▸ Activity
Retype, word for word, the lines from the first line of the entries through the line that holds "Площадь квартиры по"; leave out the pictures.

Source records
__________

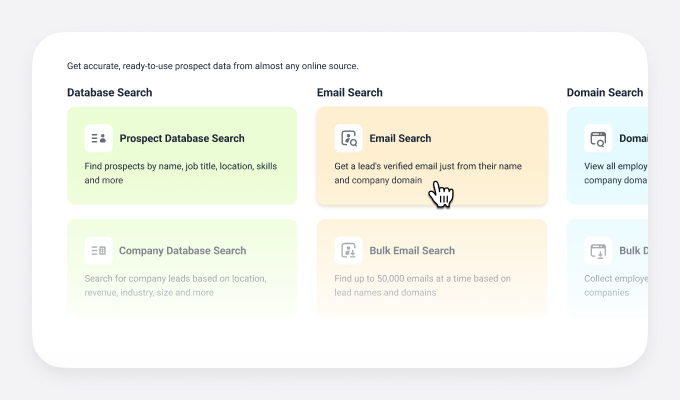 Our tools let you find leads by industry, location, job title, and more. Search leads your way—by company, domain, job title, industry, location, or bulk upload. Need instant lead discovery? Use our AI-powered lead finder with natural language queries. Our lead generation software adapts to your workflow, whether you're prospecting one lead or 100,000.
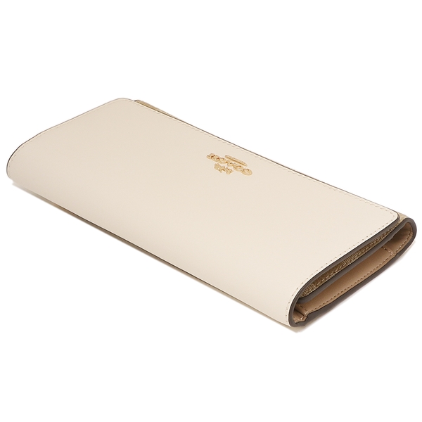 Coach Wallet In Gift Box Long Wallet Slim Trifold Wallet In Signature Canvas Light Khaki Chalk Off White # C5966
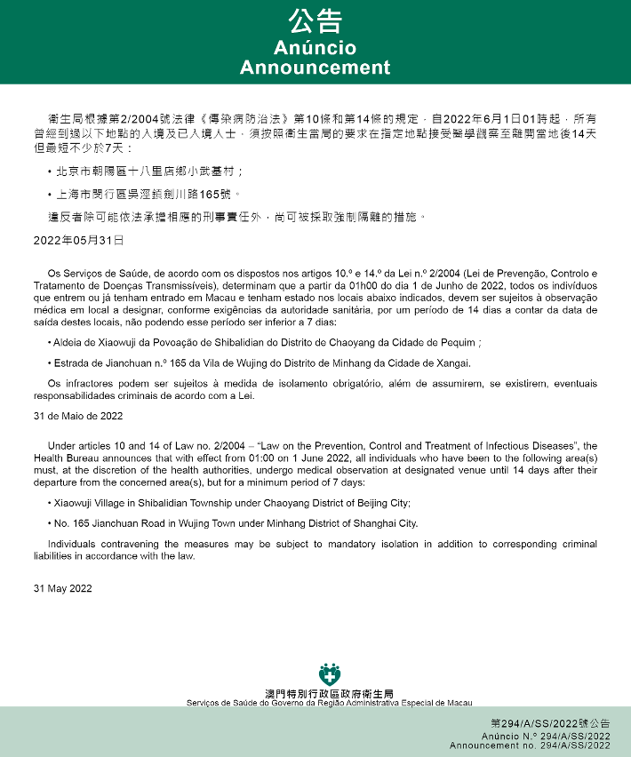 新型冠状病毒感染应变协调中心(下称应变协调中心)宣布,因应内地的疫情变化,卫生局根据第2/2004号法律《传染病防治法》第10条和第14条的规定,自2022年6月1日凌晨1时起,所有曾经到过以下地点的入境及已入境人士,须按照卫生当局的要求在指定地点接受医学观察至离开当地后14天但最短不少于7天:
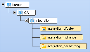 The barcon depot uses a stream hierarchy that might look familiar to many software development organizations. It contains a product release stream, barcon; a QA stream for testing; and a build stream, integration. Individual developers dfoster, oarmstrong, and hchance have workspaces off the integration stream.
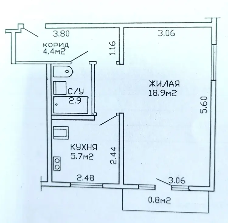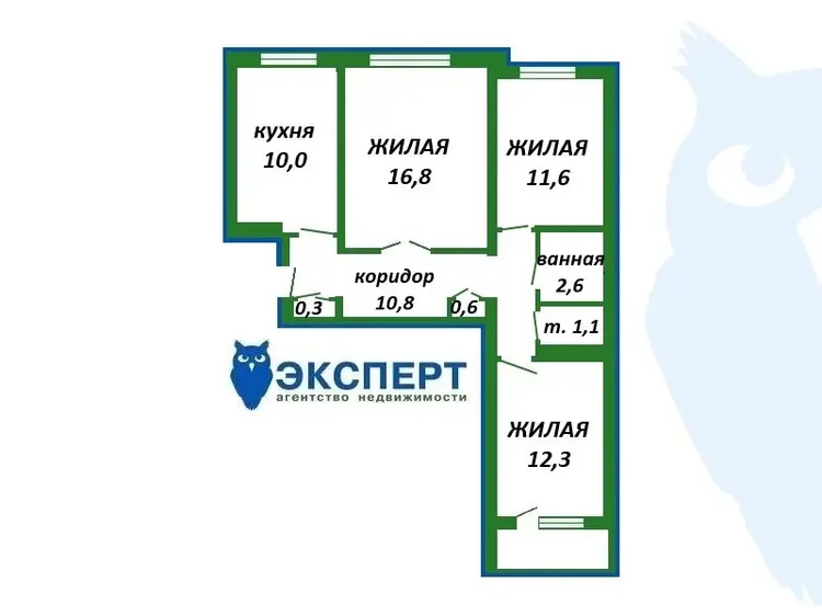 Площадь квартиры по СНБ - 62,4 м.кв., просторная кухня - 10,2 м.кв.!
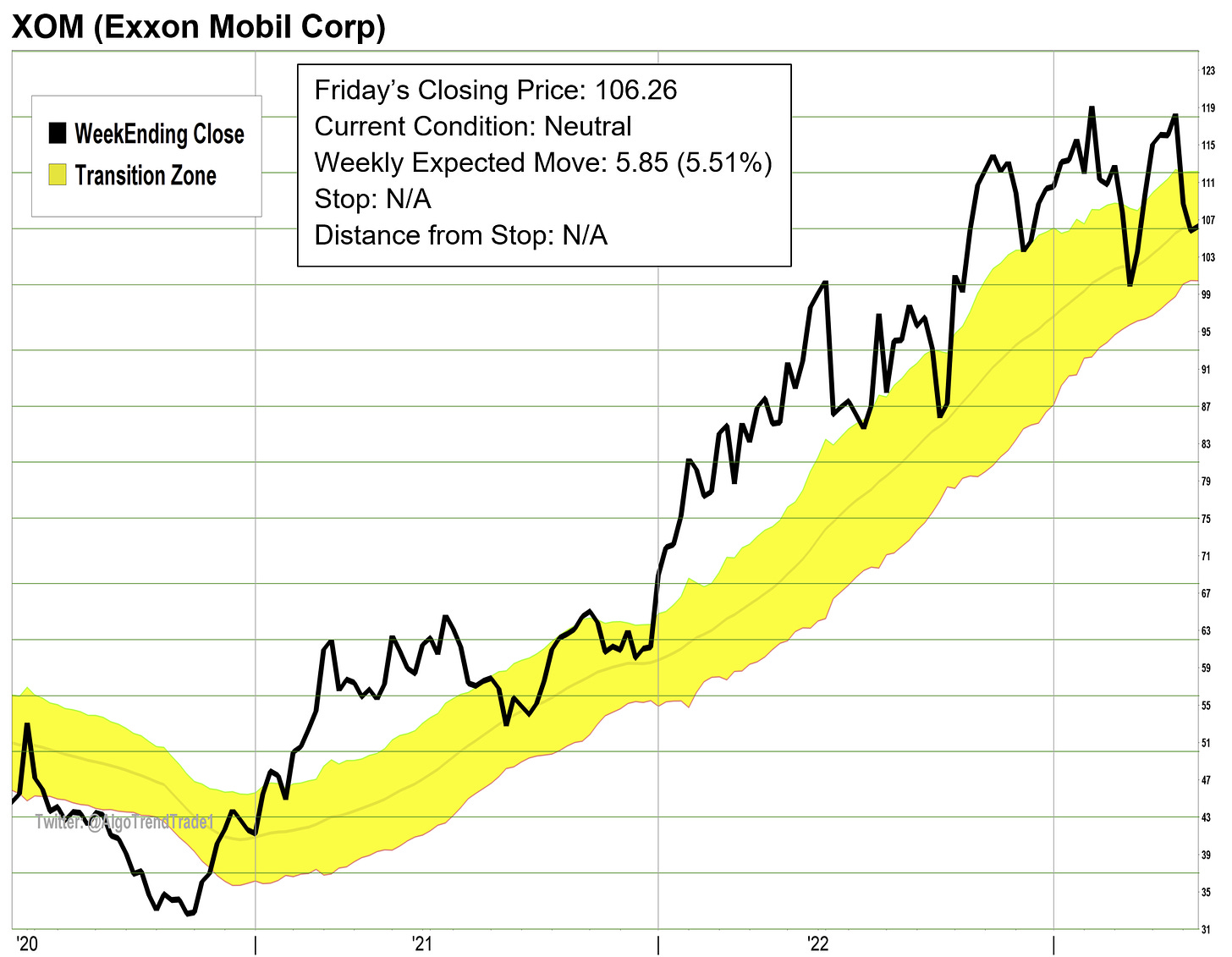 Every trade has a pre-determined exit strategy. This is based on the normal volatility of the underlying ticker. Each stock has its own unique volatility. And, volatility is dynamic. It’s constantly changing. Each week, we look at the previous 52 weeks of price movement to come up with its normal weekly volatility. This is called the “Expected Move”. The Expected Move equals one week of the normal volatility of the stock or ETF being measured. Every week, the exit strategy for each ticker is updated.
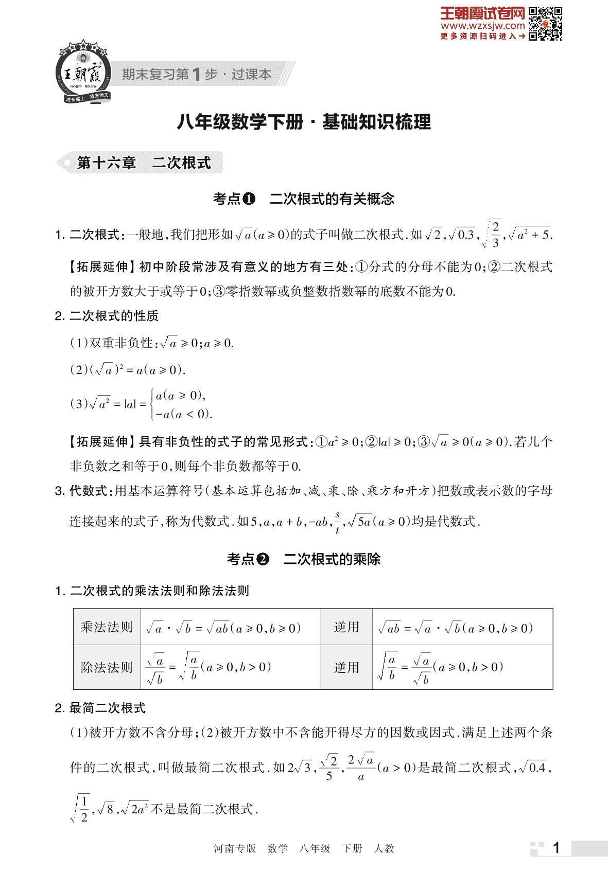 王朝霞期末知识梳理——第十六章 二次根式八年级下册数学(人教版)_R230426100130574
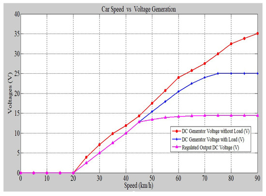 The following graph in Figure 12 was obtained as a result of a comparison between the car speed and the voltages induced in the DC generator with and without load (car battery). It can be observed that the voltage increases with the increase in the car’s velocity. Without load, we obtained voltages as high as 35 V at 90 km/h, but in the presence of a load, this obtained voltage decreased to approximately 25 V at the same velocity of 90 km/h. The regulated line in the given graph indicates the voltages obtained after they passed through a DC regulator to stabilize them at a constant charging voltage, which was 14.6 V for the lead acid battery—this voltage is achieved at the speed of 45 km/h.
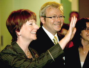 資料圖:澳大利亞現(xiàn)總理陸克文(右)和將擔任總理的吉拉德(左)在首都堪培拉參加會議。
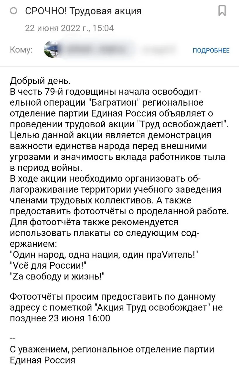 Белорусский активист представился единороссом и потребовал от школы в Клину провести акцию «Труд освобождает». Ее провели и прислали фотоотчет
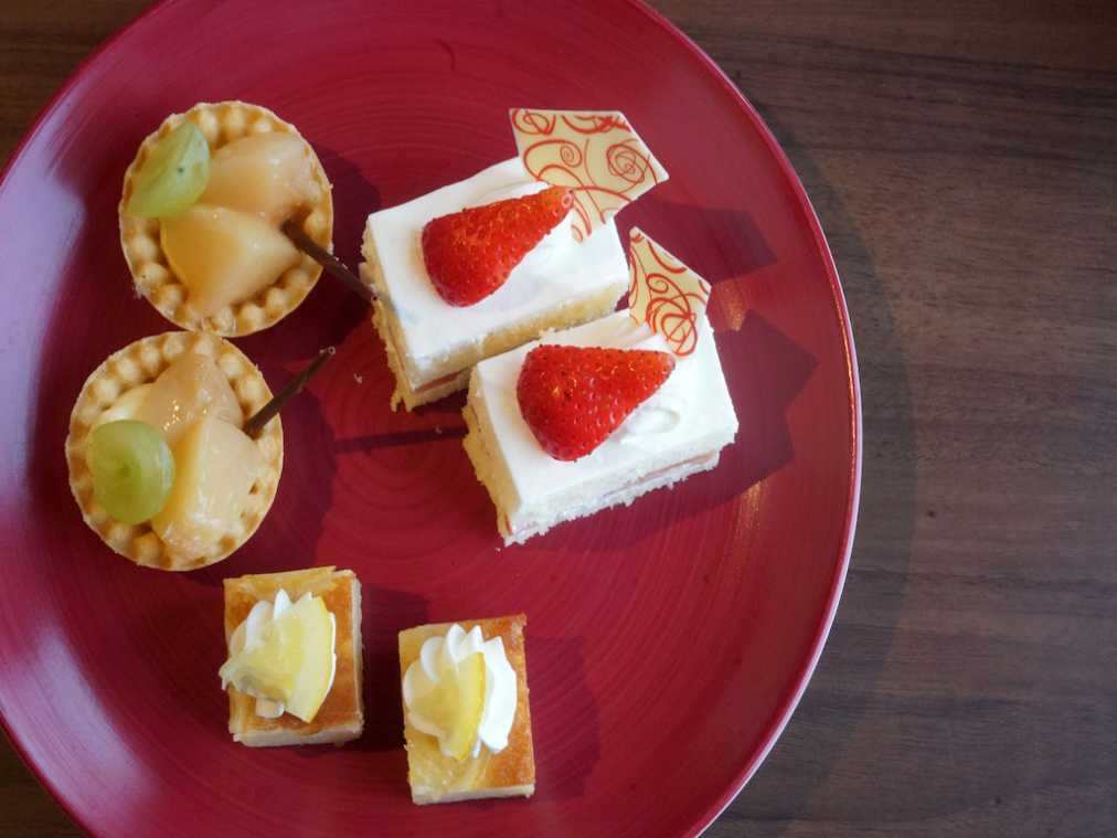 続いて、2段目に、ストロベリーショートケーキ、白桃のタルトレット、マドレーヌシトロン。白桃のタルトレットが、とくに絶品です!
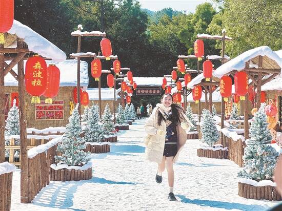 新年越近,“请到广东过大年”的口号也越响,广东文旅消费场景当然也越发多元而鲜活。南方特有的“百花丛中过大年”的体验北方不一定有,北方特有的“瑞雪兆丰年”,南方却一样可以有。就在岭南的青山绿水间,也能漫步雪中小屋、沐浴温泉暖意、参与热闹庆典——过一个既有雪花又有烟花的特别的新年。而且这里不仅有造雪机打造的“雪乡”,还有自然雪景里的天然雾凇或冰挂,滑雪、溜冰、冰雪索道,甚至是看南极企鹅,全部都有,任君挑选。
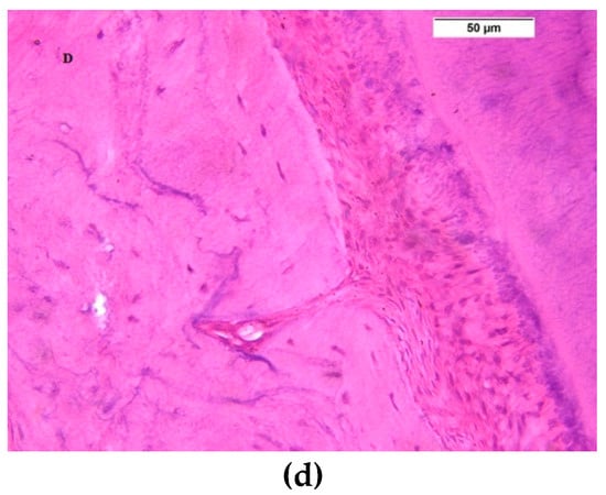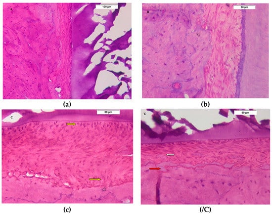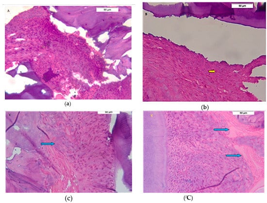 After the four week interval, in comparison to normal, healthy periodontal tissue of control group (Figure 4a), the SRP group was the least organized one in healing (Figure 4b). The ADSCs showed highly cellular periodontal tissue, with the cells are perpendicular to the cementum and alveolar bone, and the most characteristic finding was multiple blood vessels formation (Figure 4c,/C), while the Exo group showed the most healing signs, represented in periodontal tissues with normal width, well-oriented periodontal cells and fibers (Figure 4d).
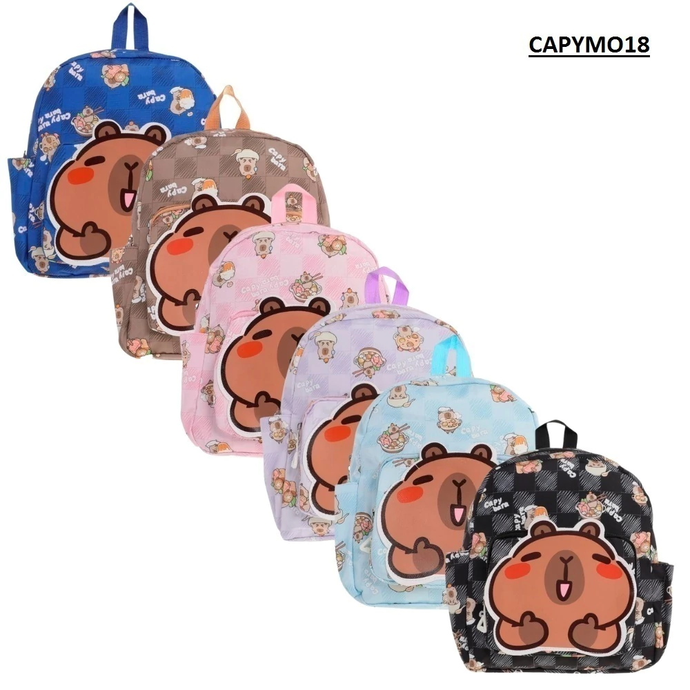 MOCHILA INFANTIL 13” - MODELO CAPYM018 MOCHILA LIVIANA CON ESTAMPADOS DE CAPYBARA Y DISEÑO INFANTIL, IDEAL PARA JARDÍN O SALIDAS CORTAS. CONFECCIONADA EN POLIÉSTER Y DISPONIBLE EN VARIOS COLORES.
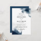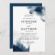 Elegant wedding invitation template card featuring watercolor splash in navy blue colour. Customise this invite by adding your own wedding information. Perfect for a fall or winter wedding.
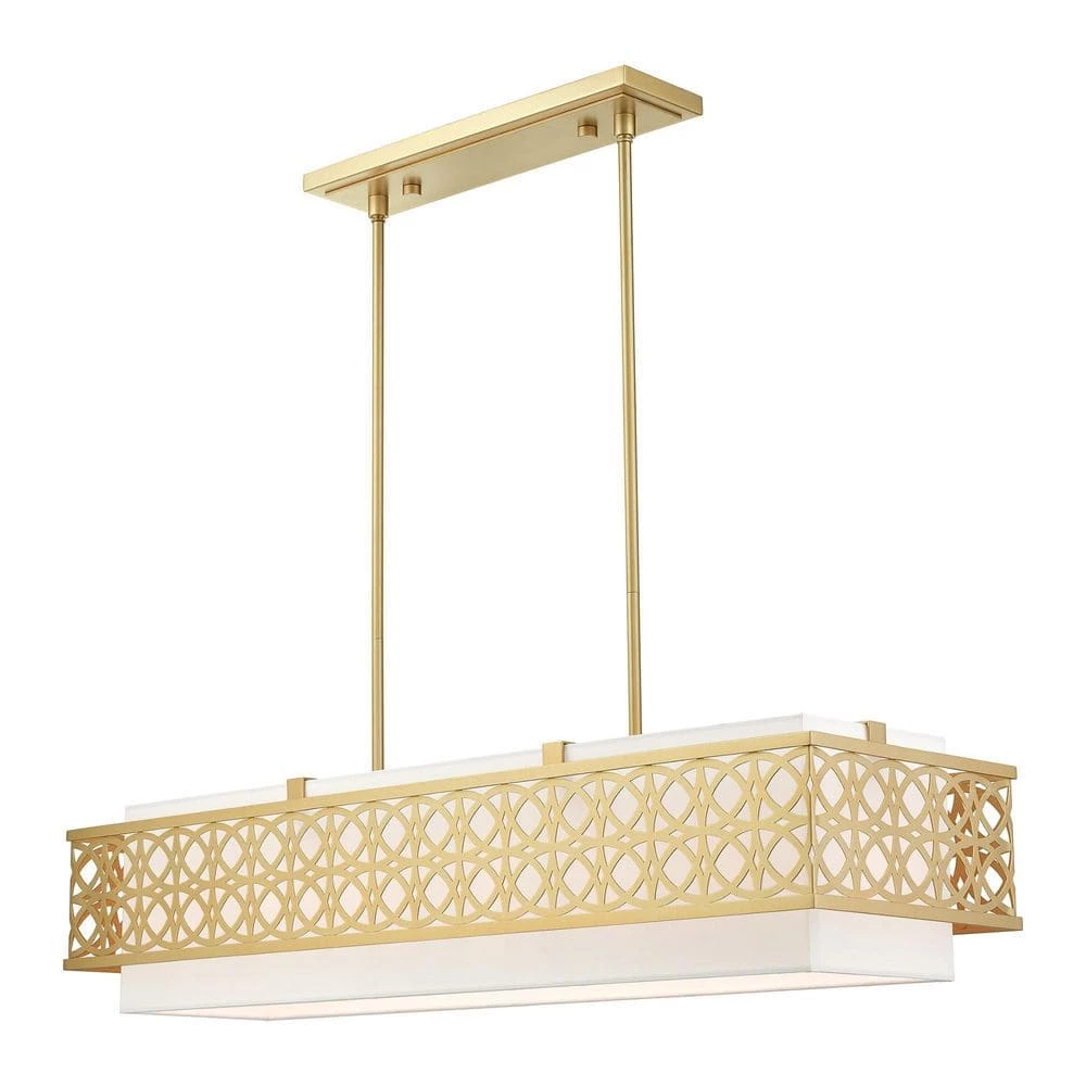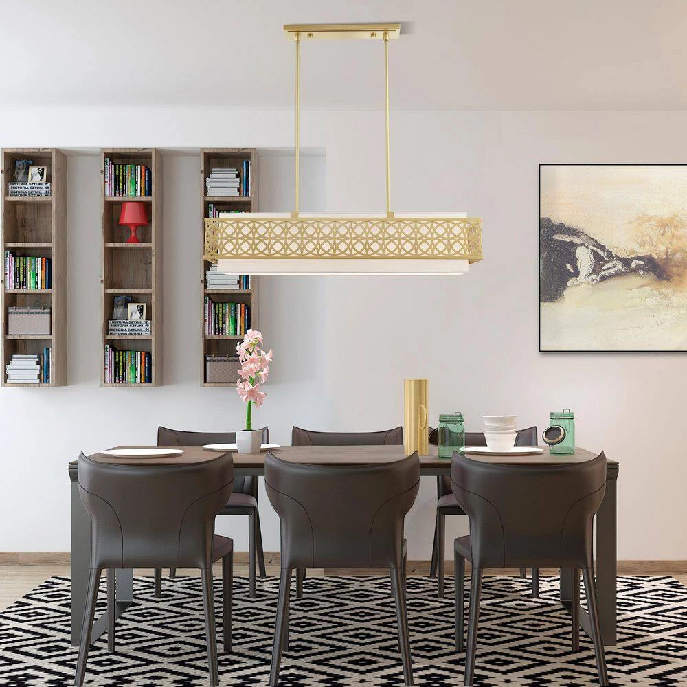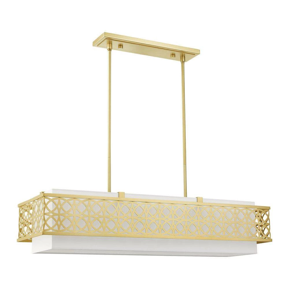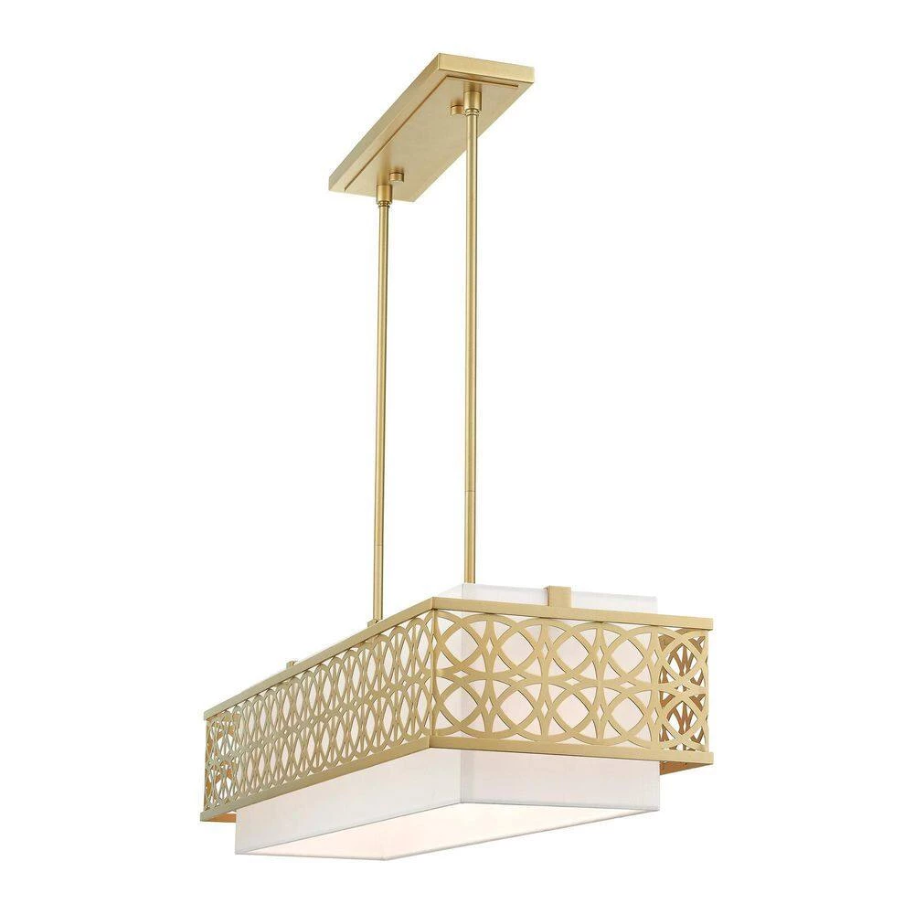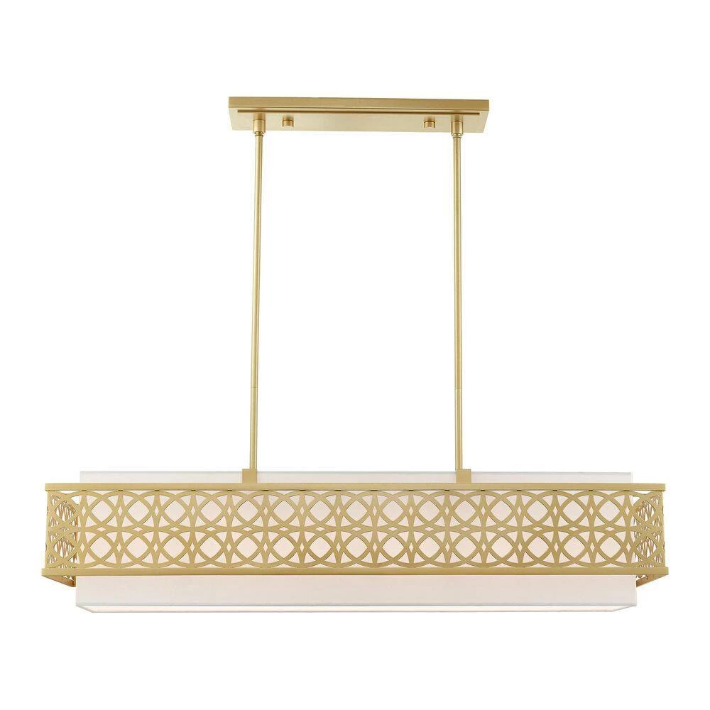 Livex Lighting is well known for quality, style and value. The transitional Calinda series adds refined style and a hint of mystery to your decor. The soft gold finish and an off-white handcrafted hardback shade create warm illumination, while soft light brings to life the intricate fretwork pattern. This six-light linear chandelier will add a sophisticated and glamorous look to almost any interior design style. It will work great over a dining table, kitchen island or bar counter. This well-rounded fixture is sure to satisfy your lighting needs.

__________

▸ Solution
 Our tools let you find leads by industry, location, job title, and more. Search leads your way—by company, domain, job title, industry, location, or bulk upload. Need instant lead discovery? Use our AI-powered lead finder with natural language queries. Our lead generation software adapts to your workflow, whether you're prospecting one lead or 100,000.
 Coach Wallet In Gift Box Long Wallet Slim Trifold Wallet In Signature Canvas Light Khaki Chalk Off White # C5966
 新型冠状病毒感染应变协调中心(下称应变协调中心)宣布,因应内地的疫情变化,卫生局根据第2/2004号法律《传染病防治法》第10条和第14条的规定,自2022年6月1日凌晨1时起,所有曾经到过以下地点的入境及已入境人士,须按照卫生当局的要求在指定地点接受医学观察至离开当地后14天但最短不少于7天:
 The barcon depot uses a stream hierarchy that might look familiar to many software development organizations. It contains a product release stream, barcon; a QA stream for testing; and a build stream, integration. Individual developers dfoster, oarmstrong, and hchance have workspaces off the integration stream.
 Площадь квартиры по СНБ - 62,4 м.кв., просторная кухня - 10,2 м.кв.!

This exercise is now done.